All of the data must be written out verbatim, with pictures excluded.

────────────────────

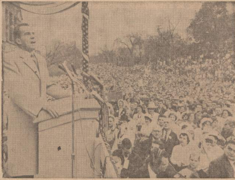
Viceprezidentas Richard Nixon kalba 12,000 žmonių miniai Ann Arbor (Mich.) mieste.

Faktiniu požiūriu tokia teisė — teisė atsiskirti — yra, žinoma, be jokios prasmės karistiškai okupuotame ir diktatoriškai valdomame krašte, kuriame gyventojai neturi jokių priemonių pareikšti savo nusistatymą ir savo valią. Kai 1936 metais, netrukus po vadinamosios Stalino konstitucijos, kurioje toks nuostatas yra įrašytas, paskelbimo, vienas Amerikos žurnalistas paklausė Stalino, ar iš tikrųjų sovietinės respublikos gali išėiti iš Sąjungos, jis atsakė: "pust poprobu-
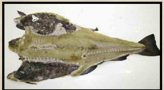
Utvannet blodsprengt fisk.
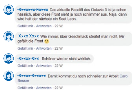
Abb. 1: Lästern über den neuen Skoda als ästhetischer Dialog
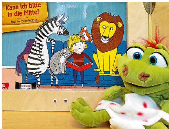
Kann ich bitte in die Mitte? - Kamishibai-Theater in der Stadtbücherei
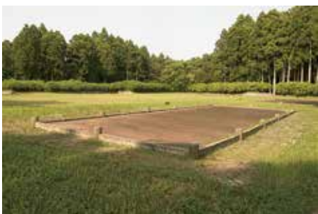
掘立柱建物の 表示 (作貫地区)
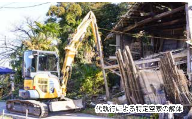
代執行による特定空家の解体

地域の防犯や居住環境の整 備・改善を図るため、特定空 家等に対する代執行等の措置 を行います。また、所有者等 に対し、空き家の除却に要す る費用の一部を補助します。
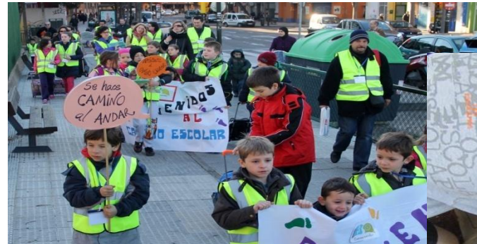
CEIP Jerónimo Zurita
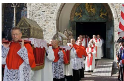
La messe de la fête de Saint-Maurice sera suivie d'une procession des reliques du saint.

Le 22 septembre 2015, la Poste sera présente au Marché monastique de Saint-Maurice sous la forme d'un bureau de poste spécial. D'autres informations suivront dans La Loupe 2/15 et sous poste.ch/timbres-poste > Agenda
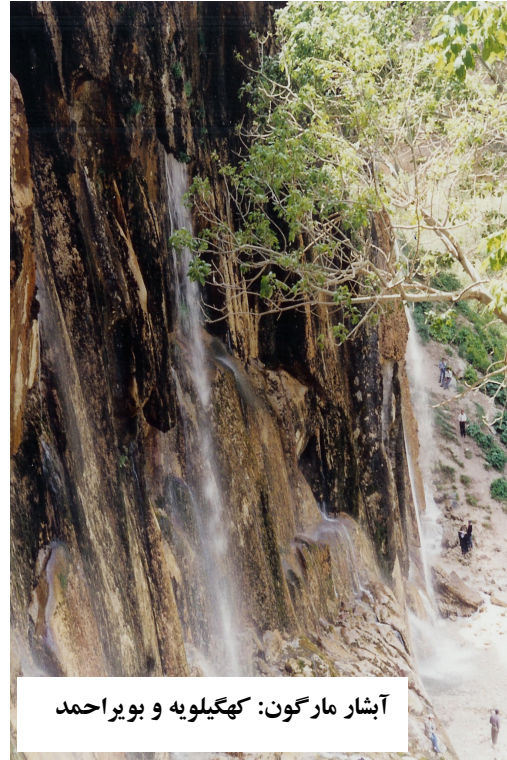
آبشار مارگون: کهگیلویه و بویراحمد
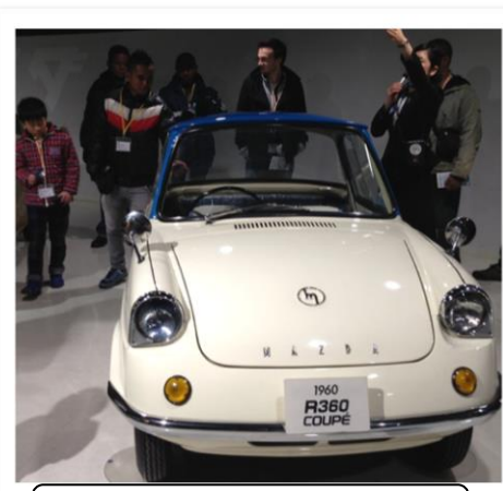
昨年のマツダ工場見学のようす

土曜通訳ボランティアでは、月に1回、「楽しく学ぶ英会話」をオープンしています。中学校レベルの簡単な英語を使って、日常会話のトレーニングをしています。今後はネイティブの講師を招いてのレッスンも企画！大人の方はもちろん、中学生や高校生の参加を待っています。 日時：毎月第3土曜日 10時～12時 場所：廿日市市中央市民センター
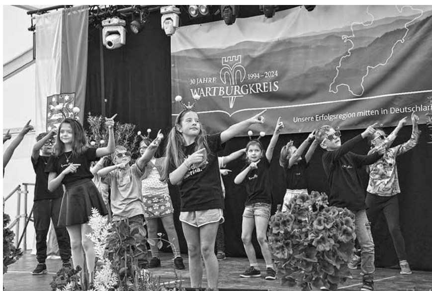
Bühne im Festzelt bot vielseitiges Programm aus Chor, Tanz und Folklore
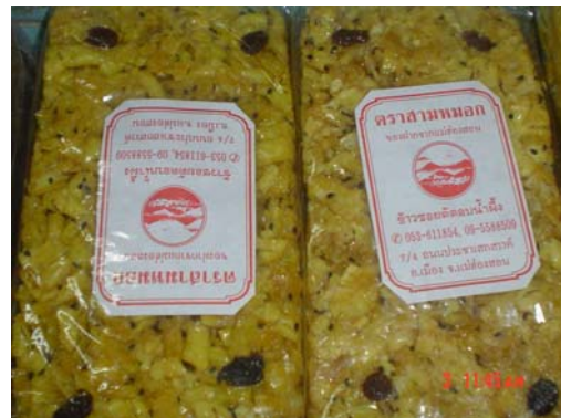
ข้าวซอยตัด
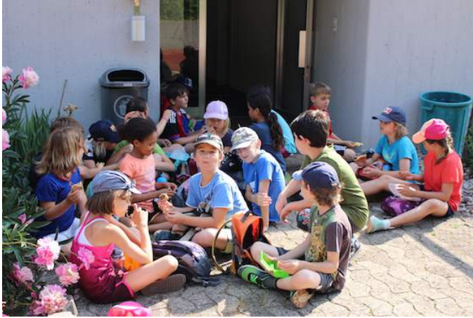
beim gemütlichen Znüni
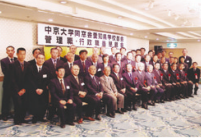
「後輩のためにも頑張ろう」と集まった愛知県 学校部会管理職・行政職の同窓生たち
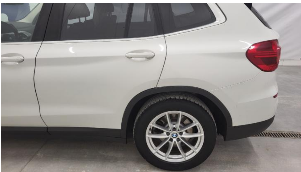
Fot. 9. Bok lewy z tyłu

────────────────────

**Result of the task:**
Viceprezidentas Richard Nixon kalba 12,000 žmonių miniai Ann Arbor (Mich.) mieste.

Faktiniu požiūriu tokia teisė — teisė atsiskirti — yra, žinoma, be jokios prasmės karistiškai okupuotame ir diktatoriškai valdomame krašte, kuriame gyventojai neturi jokių priemonių pareikšti savo nusistatymą ir savo valią. Kai 1936 metais, netrukus po vadinamosios Stalino konstitucijos, kurioje toks nuostatas yra įrašytas, paskelbimo, vienas Amerikos žurnalistas paklausė Stalino, ar iš tikrųjų sovietinės respublikos gali išėiti iš Sąjungos, jis atsakė: "pust poprobu-
Utvannet blodsprengt fisk.
Abb. 1: Lästern über den neuen Skoda als ästhetischer Dialog
Kann ich bitte in die Mitte? - Kamishibai-Theater in der Stadtbücherei
掘立柱建物の 表示 (作貫地区)
代執行による特定空家の解体

地域の防犯や居住環境の整 備・改善を図るため、特定空 家等に対する代執行等の措置 を行います。また、所有者等 に対し、空き家の除却に要す る費用の一部を補助します。
CEIP Jerónimo Zurita
La messe de la fête de Saint-Maurice sera suivie d'une procession des reliques du saint.

Le 22 septembre 2015, la Poste sera présente au Marché monastique de Saint-Maurice sous la forme d'un bureau de poste spécial. D'autres informations suivront dans La Loupe 2/15 et sous poste.ch/timbres-poste > Agenda
آبشار مارگون: کهگیلویه و بویراحمد
昨年のマツダ工場見学のようす

土曜通訳ボランティアでは、月に1回、「楽しく学ぶ英会話」をオープンしています。中学校レベルの簡単な英語を使って、日常会話のトレーニングをしています。今後はネイティブの講師を招いてのレッスンも企画！大人の方はもちろん、中学生や高校生の参加を待っています。 日時：毎月第3土曜日 10時～12時 場所：廿日市市中央市民センター
Bühne im Festzelt bot vielseitiges Programm aus Chor, Tanz und Folklore
ข้าวซอยตัด
beim gemütlichen Znüni
「後輩のためにも頑張ろう」と集まった愛知県 学校部会管理職・行政職の同窓生たち
Fot. 9. Bok lewy z tyłu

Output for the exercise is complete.